C'est une décision de justice qu'Isabelle Denise (« responsable du service justice et police à la Ligue des droits de l'homme ») conteste.
Pire, l'idée même que le procureur de la République ainsi que le tribunal correctionnel se devraient de solliciter l'avis d'une quelconque commission semble tout à fait cadrer avec ce qu'évoque l'article 434-25 du Code pénal - patent si la CNDS s'associe aux déclarations d'Isabelle Denise.
Le droit ne suffisait pas, il a fallu créer une commission, un artifice extra-judiciaire, pour pouvoir accuser des policiers sans avoir les moyens judiciaires de démontrer ses dires.
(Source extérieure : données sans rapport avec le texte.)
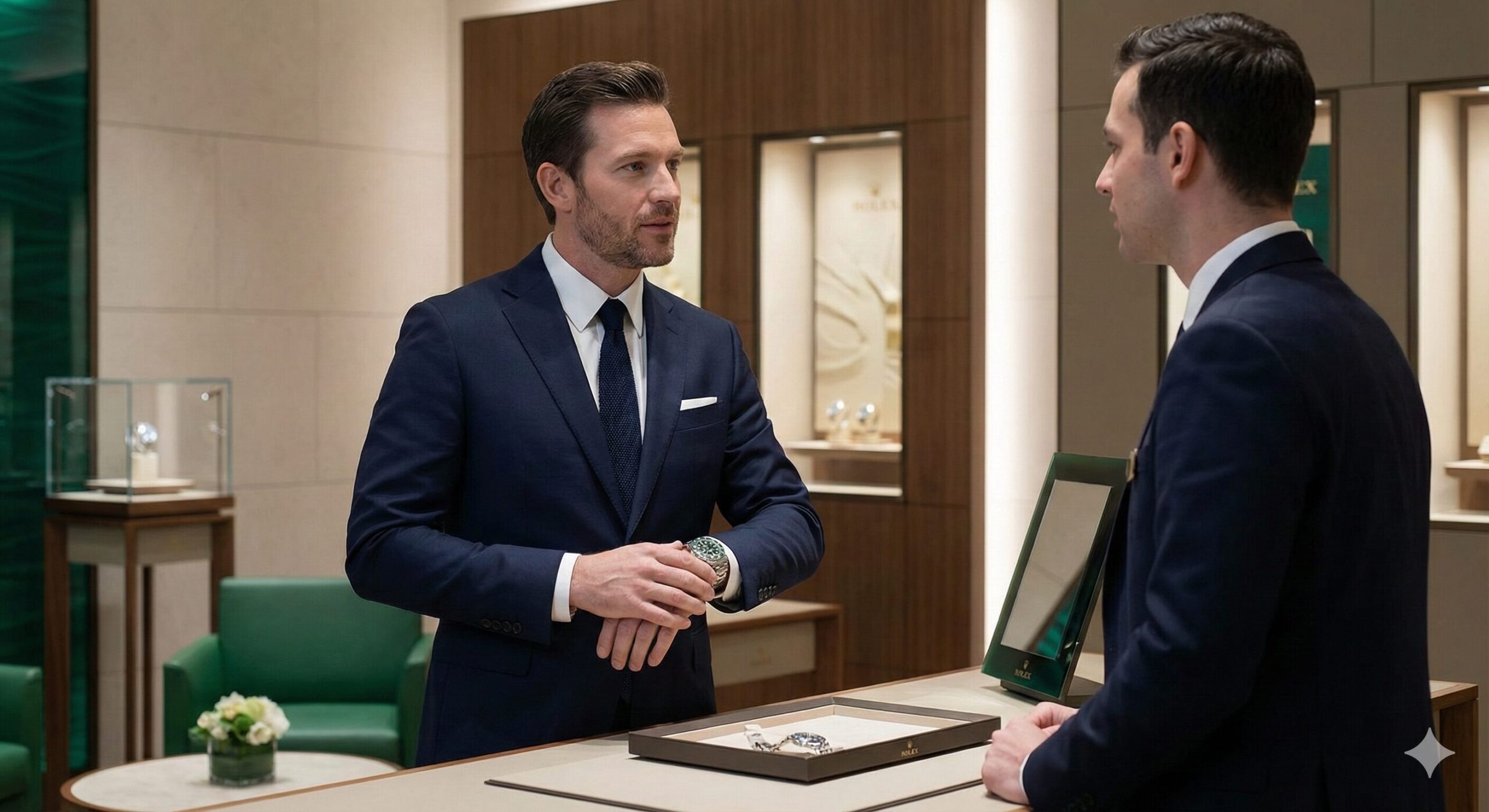 店員さんは非常に丁寧に、しかしどこか含みのある笑顔で話し始めました。「本日は特別な日になりそうですね。お探しなのは、ステンレスのデイトナで間違いありませんか?」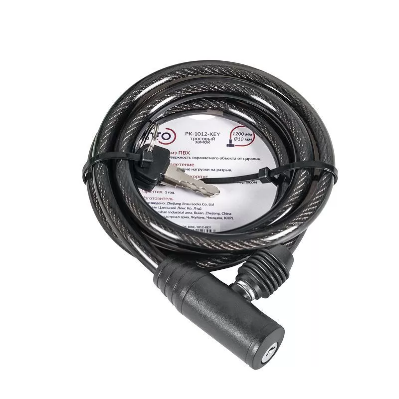 Замок тросовый PK-BIKE-1012-KEY (10х1200) 2key/подвес купить в Архангельске по низкой цене с доставкой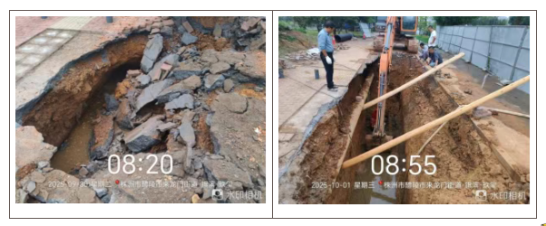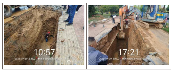 假日期间,市政中心工作人员放弃休息,奋战抢险,成功处置醴陵大道旗滨玖玺段人行道污水管道塌陷险情,以“市政速度”守护了城市的正常运转和市民的出行安全。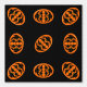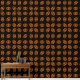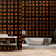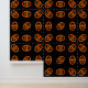 Dit geweldige behang heeft een oranje ovaal met zes kraaien erin. Elke kraai heeft gele ogen met zwarte pupillen en uitgestrekte vleugels. De kraaien vliegen naar elkaar toe en vormen een ovale vorm. De achtergrond is zwart.

Depuis, on se rend compte que cela ne suffit pas accuser impunément, à donner dans la diffamation ou dans la dénonciation calomnieuse : lorsqu'on accuse, il faut le faire selon les formes légales.
Et il est vrai qu'imposer le retour du droit est peut-être, pour la CNDS, quelque part, une « négation de [son] action ».
Peut-être qu'il serait maintenant temps de se demander franchement si l'existence d'une commission, qui peu ou prou s'attèle à relayer tout autant que juger des accusations d'infractions pénales, est bien légitime. Car il n'est pas douteux qu'une faute déontologique en matière de sécurité publique correspond assez systématiquement à une infraction pénale (existe t-il des cas traités par la CNDS dépourvus de coloration pénale ?).
1.
Je ne connais pas la procédure dont s'agit mais, entre les lignes, il apparaît que le "témoin" n'a pas été poursuivi et donc condamné du chef de dénonciation calomnieuse mais que sur le fondement des 4° ou 5° de l'article 41-1 du CPP, le parquet, avant classement sans suite, lui a "demandé" de présenter ses excuses aux fonctionnaires puis de les indemniser...
Le tribunal correctionnel ne me semble donc pas avoir été saisi.